For the first time in quite a few years, the ruling party’s student wing looks set to be missing from the highest decision-making bodies of Jadavpur University (JU).
The SFI, students’ wing of the CPM, has taken a surprise beating from two other students’ unions — the All-India Democratic Students’ Organisation (AIDSO) and the Progressive Democratic Students’ Federation (PDSF) — in the polls to the electoral college that will select representatives to JU’s university court and executive council.
The polls, which took place on Thursday, saw the SFI managing to get 70 students in, but the AIDSO and the PDSF together succeeded in getting the electoral college packed with nearly 100 members.
The elections are crucial because this electoral college sends students’ representatives to the two bodies — court and executive council — that ratify every important decision, ranging from the appointment of a teacher to the go-ahead for an increase in fees, that the university takes.
Students have six seats reserved for them in the university court and the executive council has two representatives from the students’ community.
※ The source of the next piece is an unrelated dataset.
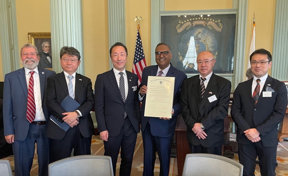 On October 22, a ceremony marking the 35th anniversary of the sister relationship between Hokkaido and Massachusetts was held at the Massachusetts State House. The delegation from Hokkaido, led by Mr. Shinichi Hamasaka, Vice Governor of Hokkaido, and Mr. Joichi Ito, Speaker of the Hokkaido Legislative Assembly, attended the event.
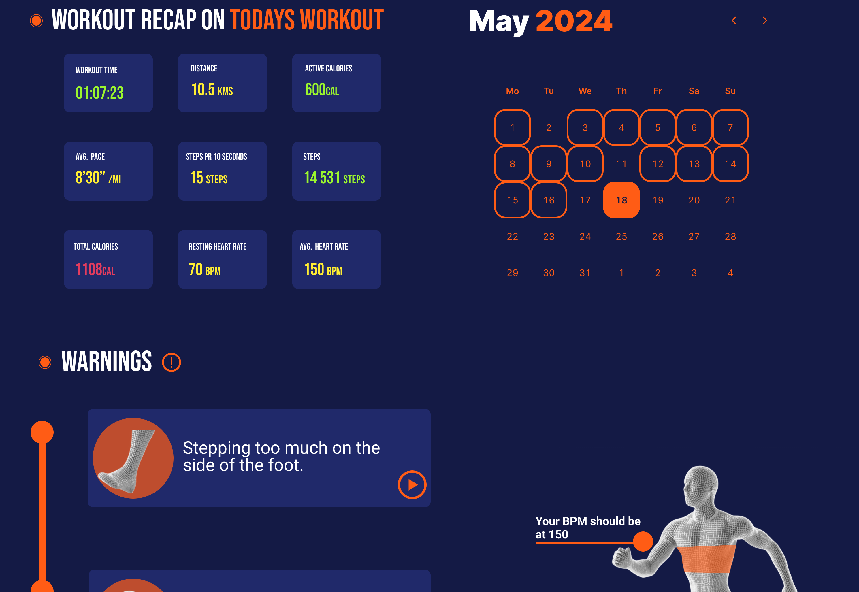 The prototype features a 3D representation of the user, displayed on the main page. It replays their movements in real-time and alerts them if any issues occur during a workout.

The numbers game suggests that all eight seats are now likely to be bagged by students affiliated to the AIDSO and the PDSF.
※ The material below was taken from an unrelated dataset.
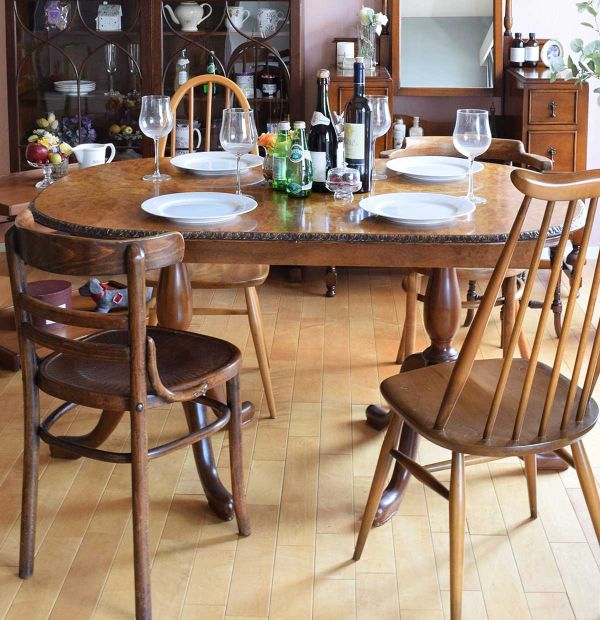 大きなワードローブを食器棚に使う、英国スタイルのダイニング

This, admit senior campus officials, may make it difficult for the university to push through many decisions, particularly because most key decisions — on issues like fee-hike and privatisation — have been opposed by the two organisations.
Though both the court and the council are still packed with CPM sympathisers, officials admit that it will be “unseemly and difficult” to implement decisions in the face of sustained opposition from students’ representatives.